Partial derivative of $f(x,y) = (x/y) \cos (1/y)$ So I'm not really sure whether I'm correct as several people are saying some of my syntax is wrong, where others are saying I have a wrong answer. I have checked my answer using Wolfram Alpha and it appears to be correct; could anyone please confirm/clarify?

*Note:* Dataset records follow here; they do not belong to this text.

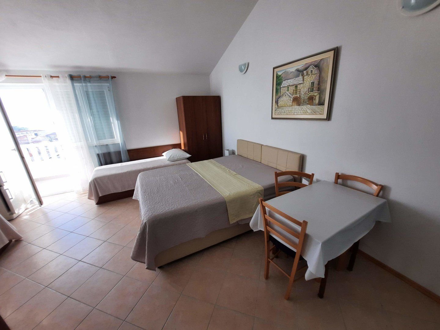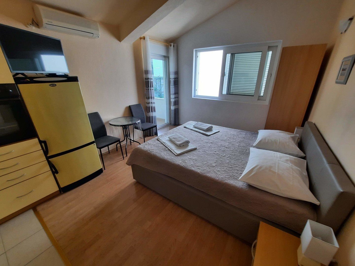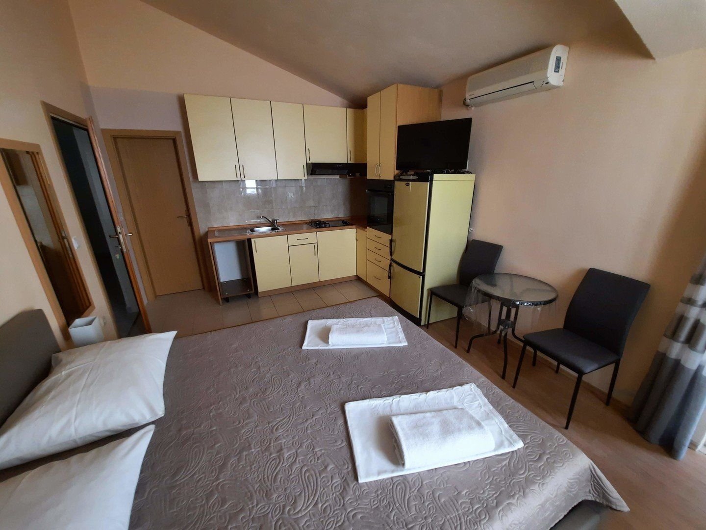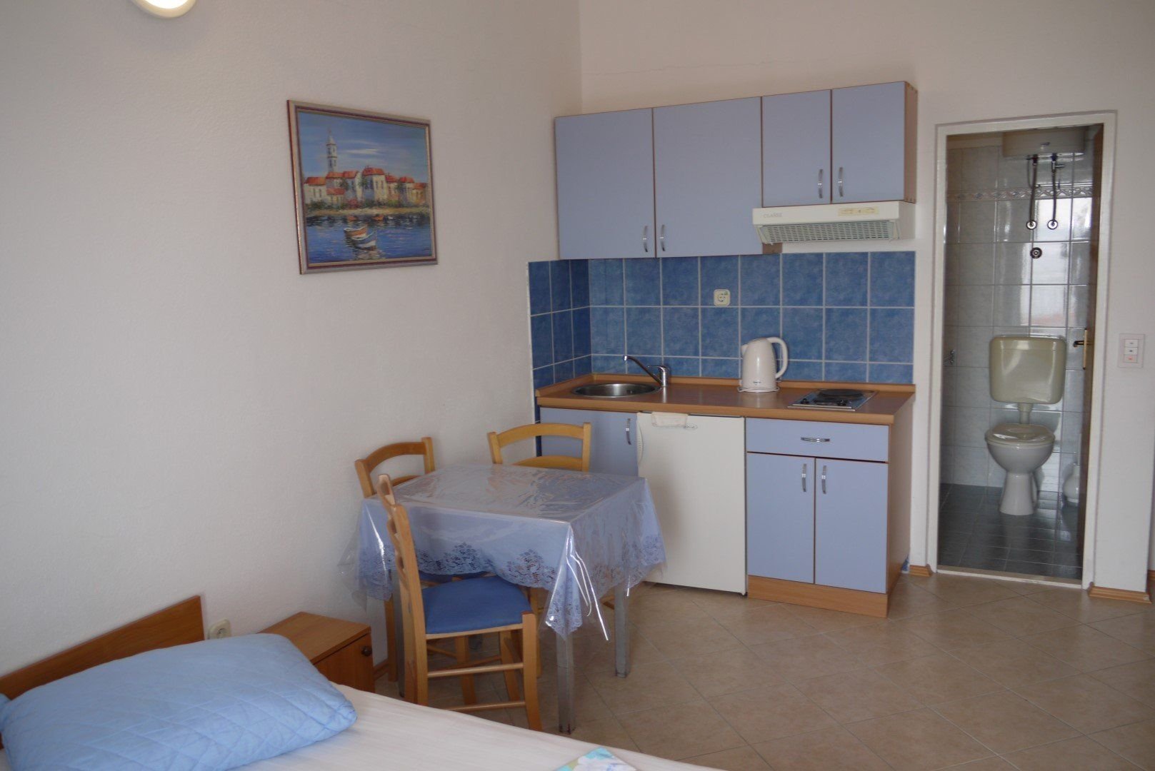 Ubytování ve studiích pro 2-3 osoby. Studia se nacházejí v 1. nebo 2. patře. Každé studio má manželské lůžko a případně lůžko pro 3. a 4. osobu, vlastní koupelnu se sprchou, WC, soukromý balkon nebo terasu s posezením, vybavený kuchyňský kout s chladničkou, který je umístěn buď přímo ve studiu či na soukromé terase, klimatizace.
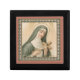 Wife, Mother, Widow, Nun—St. Rita of Cascia (1386-1457) experienced many stages of life. Life, however, had a way of putting her between a rock and a hard place. For this reason, she is venerated as patron saint of lost and impossible causes. Devoted to Christ’s Passion, she received a partial stigmata at the age of sixty: a chronic wound in the forehead as if from a crown of thorns that bled for the next fifteen years. It is her principal attribute. + Feast: May 22 + Image Source (M 015): Antique image of St. Rita [of Cascia] from a 1904 devotional print in chromolithography originally published by A. & M. B. [Albrecht & Meister of Berlin], Germany. From the designer’s collection of religious ephemera. +
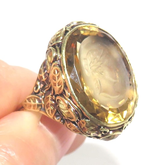 Arts and Crafts 14 K Gold Citrine Intaglio Ring With Carved
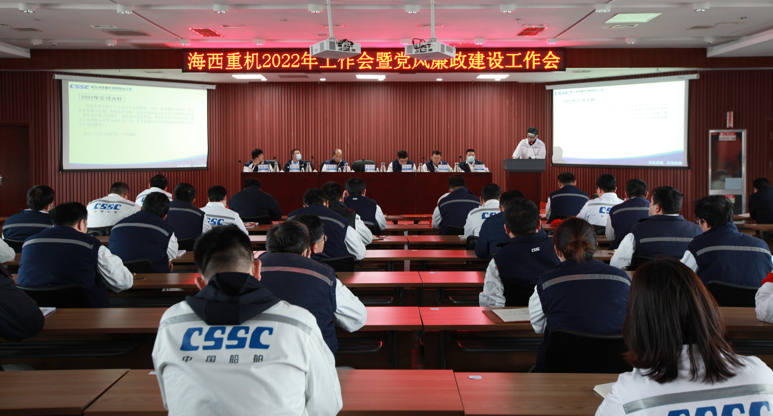 2月12日,中國船舶集團旗下武漢船機海西重機公司在901會議室召開2022年工作會暨黨風廉政建設工作會,觀看《凝心聚力謀發(fā)展 砥礪奮進譜新篇》公司2021年度匯報片,學習傳達武漢總部2022年工作會、黨風廉政建設工作會會議精神,總結(jié)公司2021年取得的成績,分析經(jīng)濟形勢,進一步明確2022年工作思路,并就各方面重點工作作出部署。
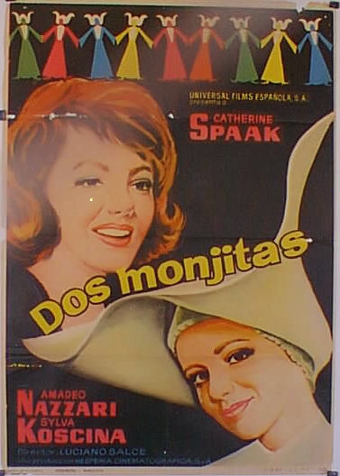 "Also in neighborhood theaters with ['The 2nd Best Secret Agent in the Whole Wide World'] is a totally inappropriate Italian film, called 'The Little Nuns,' which tells a story of a Mother Superior and a young sister who go to Rome to try to persuade Alitalia not to fly planes over their convent every day.  Didi Perego and Catherine Spaak play these sticky sweet roles, and Amedo Nazzari is the airline's general manager who is eventually browbeaten by them.  Luciano Salce directed.  It has dreary dubbed English dialogue."
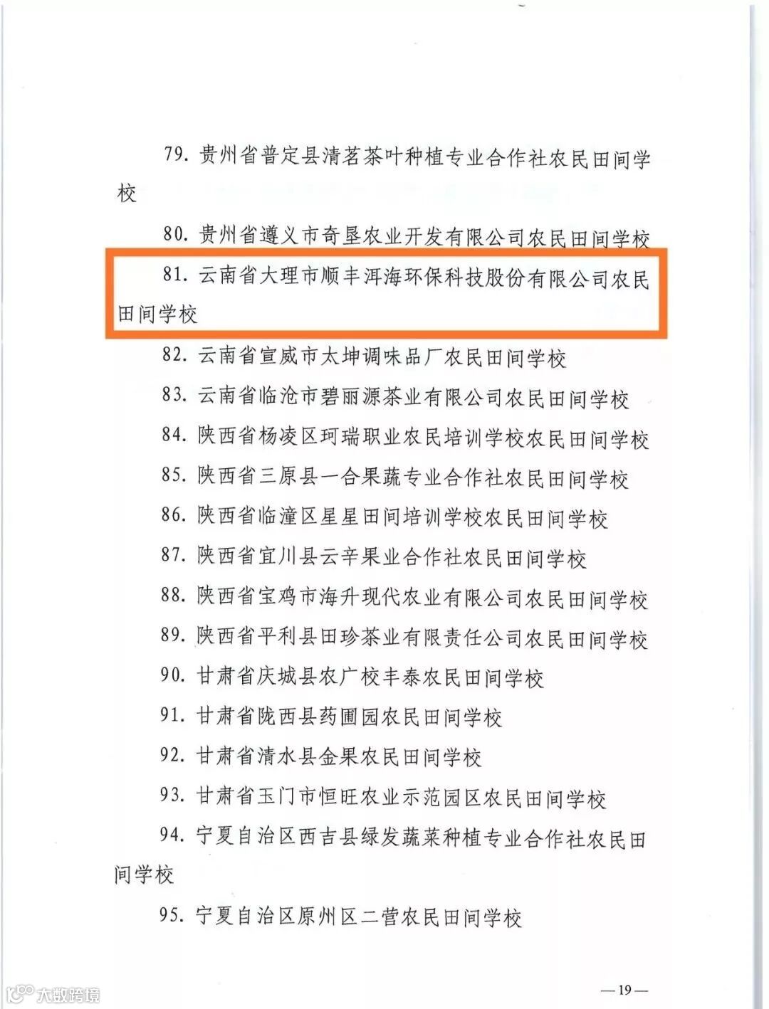 云南顺丰洱海环保科技股份有限公司目前拥有全国农化服务中心,农民生态种植培训教育中心以及生态种植示范基地等实训教育基地。公司先后与大理州农广校、大理州农科院、云南农业大学、云南省农科院、中国农业大学、中国农科院等科研院所建立了长期的“产—学—研”合作机制。
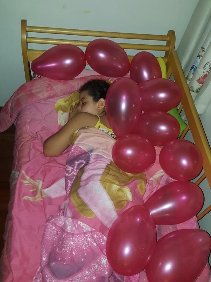 E o dia especial dela começou com a surpresa ao acordar, ela acordou olhou em volta e começamos a festa de estourar todas!!!
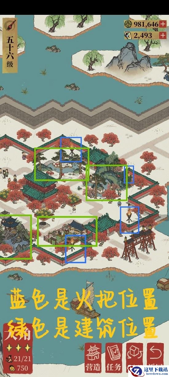 1、火把与建筑位置如下:
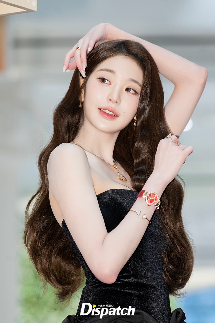 장원영은 블랙 튜브톱 미니드레스로 아름다운 자태를 뽐냈다.
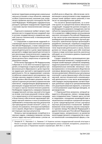 3. Кузнецова Т. Е. Актуальные проблемы совершенствования законодательства о науке // Законодательство о науке: современное состояние и перспективы развития / отв. ред. д-р юрид. наук В. В. Лапаева. М. : Норма, 2004. С. 78-102.
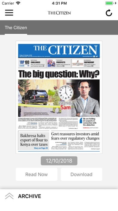 App Storeより引用Mwananchi communications Limited is pleased to bring you The Citizen Epaper reader. Read your favorite newspaper in Digital format. Get the app on your Apple phone and tablet.
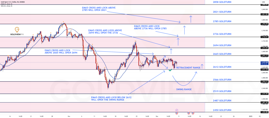 This is now the 4h chart that we shared on Sunday and as you can see the retracement range was tested to perfection today, clearing 2612 bearish target, followed with the bounce just like we stated, completing the week with a bag full of pips.
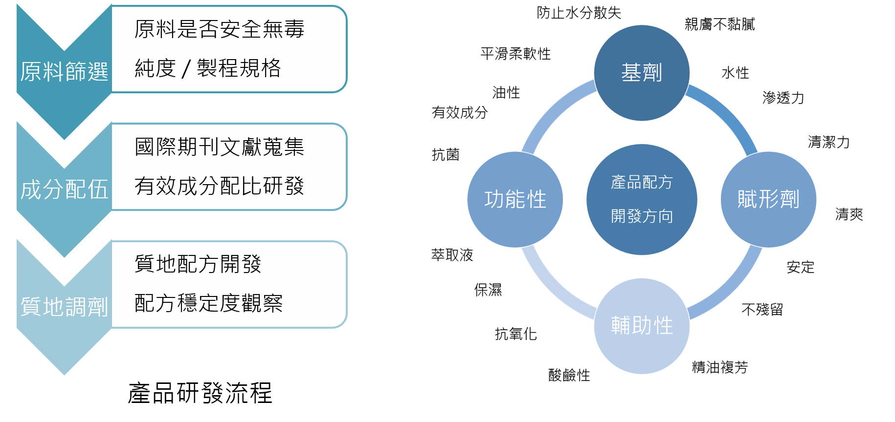 「原料篩選」是產品開發流程中最初,卻也是最重要的環節,原料的優良與否是決定產品好壞的關鍵;由大學教授領導的團隊會先從龐大的文獻資料庫中嚴格篩選、評讀,並進行系統性的綜合分析,謹慎地挑選適合產品屬性的原料,作為產品開發的依據;而在取得原料的過程中,亦設立一套嚴格的檢驗標準來確保品質,因為原料中的不純物質,經常是引起過敏的元兇。為確保產品之安全與有效性及使用時的質感,接著會進行「成分配伍」與「質地調劑」之研發,最後於產品上市前依產品特性進行相關之臨床研究或監測。JoyCom Group嚴謹的研發流程是優質產品的保證。
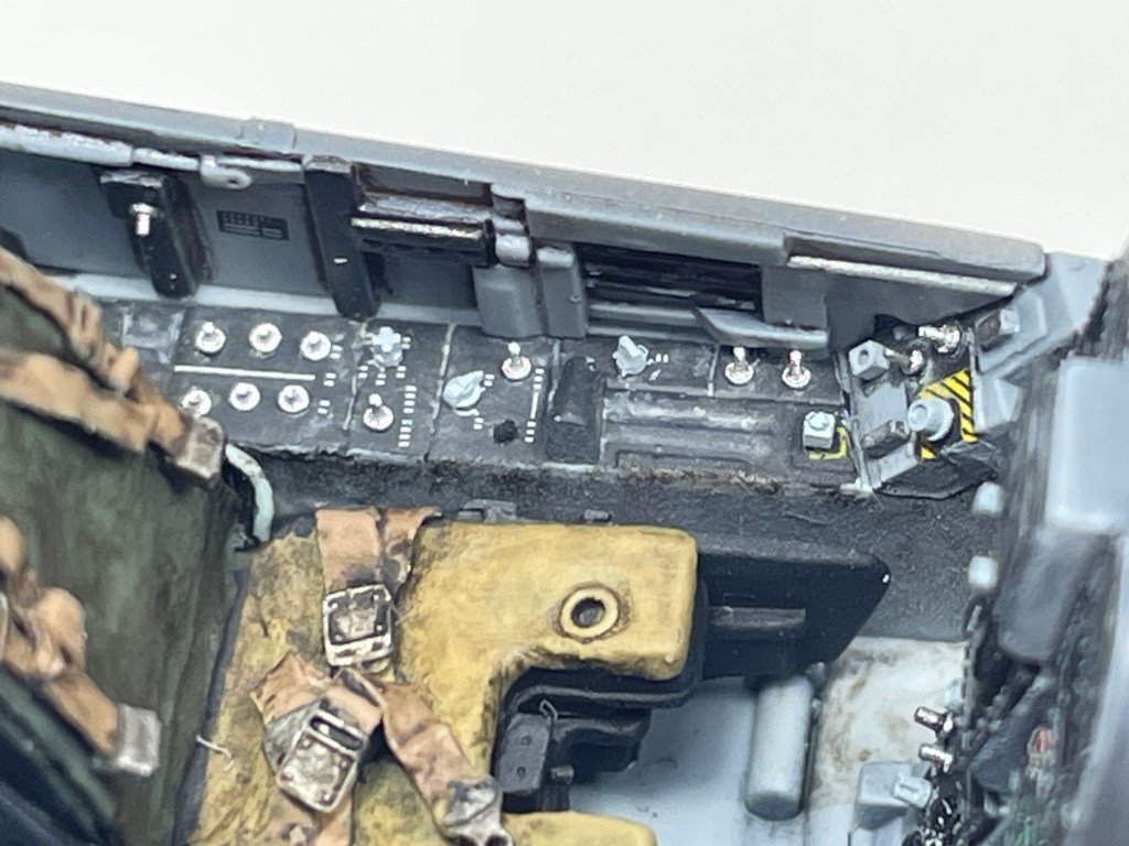 The cockpit was painted over a few days, It was surprisingly straightforward. After adding the X-22 clear coat, the real fun could begin, dealing the cockpit. For this I used Anyz and Airscale decals. Anyz makes really great “miscellaneous” decals and cockpit switch selector indicators. Airscale has good warning and dial decals.
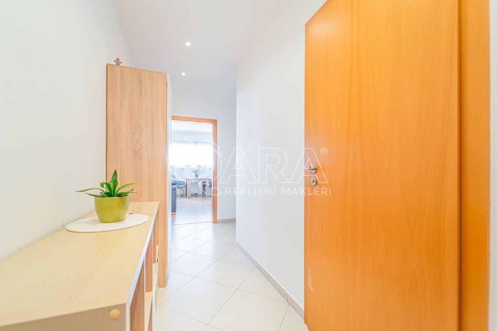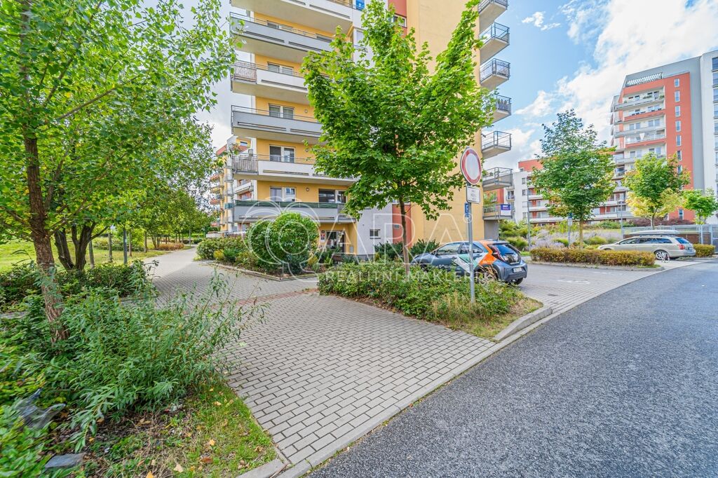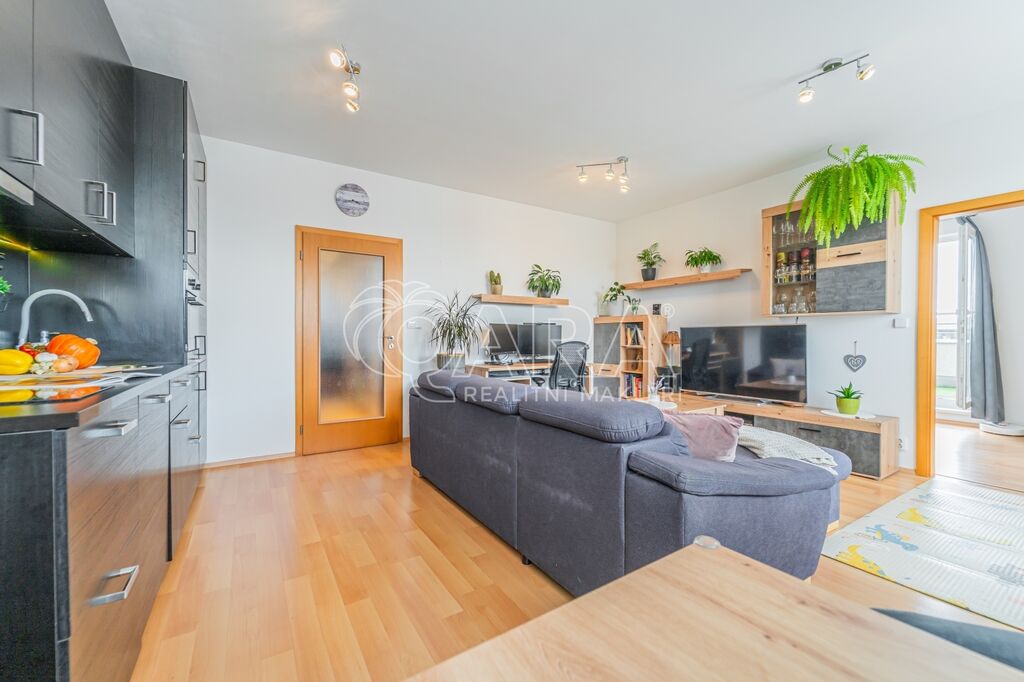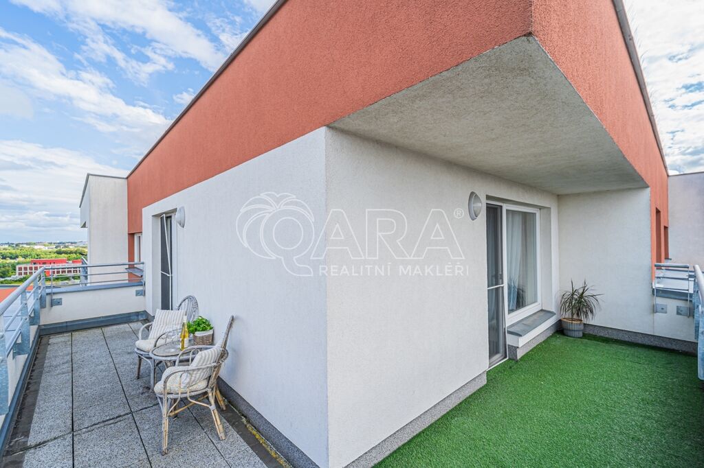 Byt má dispozici 2+kk o ploše 51 m2 a k němu patří také terasa o ploše 20 m2, parkovací stání v garáži přímo u výtahu a sklep (4 m2) umístěný hned za parkovacím stáním.

Calculate the partial Derivative $\frac{\partial f}{\partial y}$ of
$$f(x,y) = \frac{x}{y} \cos\left(\frac{1}{y}\right).$$
Is this correct? (Slightly reduced working because it's super long to type out)
$x$ is constant
$$\frac{\partial f}{\partial y} \left(\frac{\cos(\frac{1}{y})}{y}\right)$$
Quotient Rule
$$\frac{\dfrac{\partial f}{\partial y} \left(\dfrac{\cos(\frac{1}{y})}{y}\right)y-\dfrac{\partial f}{\partial y}(y) \cos(\frac{1}{y})}{y^2}$$
Chain Rule
$$\frac{\partial f}{\partial y} \left(\cos(\tfrac{1}{y})\right) = \frac{\sin(\frac{1}{y})}{y^2}$$
$$x\frac{\frac{\sin\frac{1}{y}}{y^2}y-1\cos(\frac{1}{y})}{y^2}$$
Simplified Answer
$$\frac{x \left(\sin\frac{1}{y} -y\cos(\frac{1}{y})\right)}{y^3}$$
 A: $$\frac { \partial f\left( x,y \right)  }{ \partial y } =\frac { \partial \left( \frac { x }{ y } \cos { \frac { 1 }{ y }  }  \right)  }{ \partial y } =x\frac { \partial \left( \frac { 1 }{ y }  \right)  }{ \partial y } \cos { \frac { 1 }{ y } +\frac { x }{ y } \frac { \partial \left( \cos { \frac { 1 }{ y }  }  \right)  }{ \partial y }  } =\\ =-\frac { x }{ { y }^{ 2 } } \cos { \frac { 1 }{ y } +\frac { x }{ y^{ 3 } } \sin { \frac { 1 }{ y }  }  } =\frac { -x\left( y\cos { \frac { 1 }{ y } -\sin { \frac { 1 }{ y }  }  }  \right)  }{ { y }^{ 3 } } $$
A: Just one typo in Quotient Rule. The Quotient Rule should look like this: 
$$\frac{\frac{\partial f}{\partial y}(cos(\frac{1}{y}))y-\frac{\partial f}{\partial y}(y) cos(\frac{1}{y})}{y^2}$$
Everything else is fine.
A: by the chain and the sum rule we get $$\frac{x \sin \left(\frac{1}{y}\right)}{y^3}-\frac{x \cos
   \left(\frac{1}{y}\right)}{y^2}$$
A: You have:
$$
\dfrac{\partial}{\partial y} \dfrac{x \cos\left(\frac{1}{y}\right)}{y}=x \dfrac{\partial}{\partial y}\dfrac{ \cos\left(y^{-1}\right)}{y}=$$
$$
 x\dfrac{-\sin y^{-1}(-y^{-2})y-\cos y^{-1}}{y^2}=
$$
$$
x\dfrac{ \sin y^{-1}-y\cos y^{-1}}{y^3}
$$